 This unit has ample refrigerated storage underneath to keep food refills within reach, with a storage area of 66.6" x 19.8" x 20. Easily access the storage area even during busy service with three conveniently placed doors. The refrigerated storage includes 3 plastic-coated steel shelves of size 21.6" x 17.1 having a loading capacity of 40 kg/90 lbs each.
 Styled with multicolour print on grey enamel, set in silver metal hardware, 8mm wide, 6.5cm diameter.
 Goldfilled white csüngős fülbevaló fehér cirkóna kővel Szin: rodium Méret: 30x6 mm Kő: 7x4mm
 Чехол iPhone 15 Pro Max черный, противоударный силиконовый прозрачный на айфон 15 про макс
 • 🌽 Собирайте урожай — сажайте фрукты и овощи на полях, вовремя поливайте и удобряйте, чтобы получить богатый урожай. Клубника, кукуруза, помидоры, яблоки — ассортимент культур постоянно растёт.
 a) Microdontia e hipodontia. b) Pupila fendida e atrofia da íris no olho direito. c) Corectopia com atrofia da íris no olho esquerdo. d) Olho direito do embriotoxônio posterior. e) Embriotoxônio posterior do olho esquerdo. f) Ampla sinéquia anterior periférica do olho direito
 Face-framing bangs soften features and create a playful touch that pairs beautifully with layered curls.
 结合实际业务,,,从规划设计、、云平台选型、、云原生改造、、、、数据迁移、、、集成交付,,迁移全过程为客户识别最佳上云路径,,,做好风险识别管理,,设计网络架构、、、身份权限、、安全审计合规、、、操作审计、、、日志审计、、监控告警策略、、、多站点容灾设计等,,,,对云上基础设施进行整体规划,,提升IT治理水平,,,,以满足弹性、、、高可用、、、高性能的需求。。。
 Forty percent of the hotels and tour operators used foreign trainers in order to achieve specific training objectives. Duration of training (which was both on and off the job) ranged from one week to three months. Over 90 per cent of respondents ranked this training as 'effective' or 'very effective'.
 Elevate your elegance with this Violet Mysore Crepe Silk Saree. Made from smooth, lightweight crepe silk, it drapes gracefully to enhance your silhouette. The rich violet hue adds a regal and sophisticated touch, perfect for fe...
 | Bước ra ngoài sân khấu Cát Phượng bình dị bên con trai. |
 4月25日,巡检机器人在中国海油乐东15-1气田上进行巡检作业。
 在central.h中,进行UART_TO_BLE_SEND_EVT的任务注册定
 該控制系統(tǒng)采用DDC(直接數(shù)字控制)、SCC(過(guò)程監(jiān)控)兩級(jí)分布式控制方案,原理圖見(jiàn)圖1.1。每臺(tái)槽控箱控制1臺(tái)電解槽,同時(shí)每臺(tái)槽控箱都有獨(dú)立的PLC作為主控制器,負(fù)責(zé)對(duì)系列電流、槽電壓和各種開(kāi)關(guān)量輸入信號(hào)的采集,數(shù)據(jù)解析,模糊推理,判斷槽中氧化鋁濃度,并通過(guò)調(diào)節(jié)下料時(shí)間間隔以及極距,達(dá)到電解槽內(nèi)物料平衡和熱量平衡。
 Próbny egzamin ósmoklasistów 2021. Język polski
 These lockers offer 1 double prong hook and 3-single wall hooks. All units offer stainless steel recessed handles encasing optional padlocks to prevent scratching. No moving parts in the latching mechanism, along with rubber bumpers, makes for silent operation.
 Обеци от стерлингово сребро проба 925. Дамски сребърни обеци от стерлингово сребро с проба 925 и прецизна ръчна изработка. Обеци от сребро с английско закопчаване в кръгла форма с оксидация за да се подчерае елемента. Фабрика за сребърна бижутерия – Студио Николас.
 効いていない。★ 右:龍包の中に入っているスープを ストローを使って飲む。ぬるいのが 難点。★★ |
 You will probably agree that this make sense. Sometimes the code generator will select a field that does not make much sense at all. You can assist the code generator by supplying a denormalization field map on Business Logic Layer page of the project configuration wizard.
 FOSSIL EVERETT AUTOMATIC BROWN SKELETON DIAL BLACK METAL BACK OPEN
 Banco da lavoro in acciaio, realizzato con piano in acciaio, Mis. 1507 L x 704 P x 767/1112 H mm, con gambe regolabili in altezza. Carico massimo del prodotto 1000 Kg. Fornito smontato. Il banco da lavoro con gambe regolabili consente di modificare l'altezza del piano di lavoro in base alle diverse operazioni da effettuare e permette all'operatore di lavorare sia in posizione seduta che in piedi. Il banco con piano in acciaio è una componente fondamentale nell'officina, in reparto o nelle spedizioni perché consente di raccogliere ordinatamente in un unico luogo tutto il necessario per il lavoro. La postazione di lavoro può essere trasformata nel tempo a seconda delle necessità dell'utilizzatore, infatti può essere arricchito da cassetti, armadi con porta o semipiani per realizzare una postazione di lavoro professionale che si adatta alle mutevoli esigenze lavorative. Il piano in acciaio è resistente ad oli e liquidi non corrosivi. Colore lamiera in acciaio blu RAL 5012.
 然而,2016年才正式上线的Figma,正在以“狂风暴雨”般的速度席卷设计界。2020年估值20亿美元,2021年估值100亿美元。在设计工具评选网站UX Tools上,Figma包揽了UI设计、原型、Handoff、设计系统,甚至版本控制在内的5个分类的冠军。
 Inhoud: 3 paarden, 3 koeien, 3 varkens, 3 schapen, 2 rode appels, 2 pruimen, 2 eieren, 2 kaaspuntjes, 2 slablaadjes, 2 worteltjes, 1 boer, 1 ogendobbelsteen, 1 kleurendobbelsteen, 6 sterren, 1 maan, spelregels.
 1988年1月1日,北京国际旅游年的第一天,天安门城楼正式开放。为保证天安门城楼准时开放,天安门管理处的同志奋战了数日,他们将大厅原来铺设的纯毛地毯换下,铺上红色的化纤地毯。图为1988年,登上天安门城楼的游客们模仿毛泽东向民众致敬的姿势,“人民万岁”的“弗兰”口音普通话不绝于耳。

....

YOUR INSTRUCTIONS => Write out exactly the lines above between the line with "con trai. |" and the line with "FOSSIL EVERETT AUTOMATIC", inclusive, and nothing beyond them.

SOLUTION =>
 | Bước ra ngoài sân khấu Cát Phượng bình dị bên con trai. |
 4月25日,巡检机器人在中国海油乐东15-1气田上进行巡检作业。
 在central.h中,进行UART_TO_BLE_SEND_EVT的任务注册定
 該控制系統(tǒng)采用DDC(直接數(shù)字控制)、SCC(過(guò)程監(jiān)控)兩級(jí)分布式控制方案,原理圖見(jiàn)圖1.1。每臺(tái)槽控箱控制1臺(tái)電解槽,同時(shí)每臺(tái)槽控箱都有獨(dú)立的PLC作為主控制器,負(fù)責(zé)對(duì)系列電流、槽電壓和各種開(kāi)關(guān)量輸入信號(hào)的采集,數(shù)據(jù)解析,模糊推理,判斷槽中氧化鋁濃度,并通過(guò)調(diào)節(jié)下料時(shí)間間隔以及極距,達(dá)到電解槽內(nèi)物料平衡和熱量平衡。
 Próbny egzamin ósmoklasistów 2021. Język polski
 These lockers offer 1 double prong hook and 3-single wall hooks. All units offer stainless steel recessed handles encasing optional padlocks to prevent scratching. No moving parts in the latching mechanism, along with rubber bumpers, makes for silent operation.
 Обеци от стерлингово сребро проба 925. Дамски сребърни обеци от стерлингово сребро с проба 925 и прецизна ръчна изработка. Обеци от сребро с английско закопчаване в кръгла форма с оксидация за да се подчерае елемента. Фабрика за сребърна бижутерия – Студио Николас.
 効いていない。★ 右:龍包の中に入っているスープを ストローを使って飲む。ぬるいのが 難点。★★ |
 You will probably agree that this make sense. Sometimes the code generator will select a field that does not make much sense at all. You can assist the code generator by supplying a denormalization field map on Business Logic Layer page of the project configuration wizard.
 FOSSIL EVERETT AUTOMATIC BROWN SKELETON DIAL BLACK METAL BACK OPEN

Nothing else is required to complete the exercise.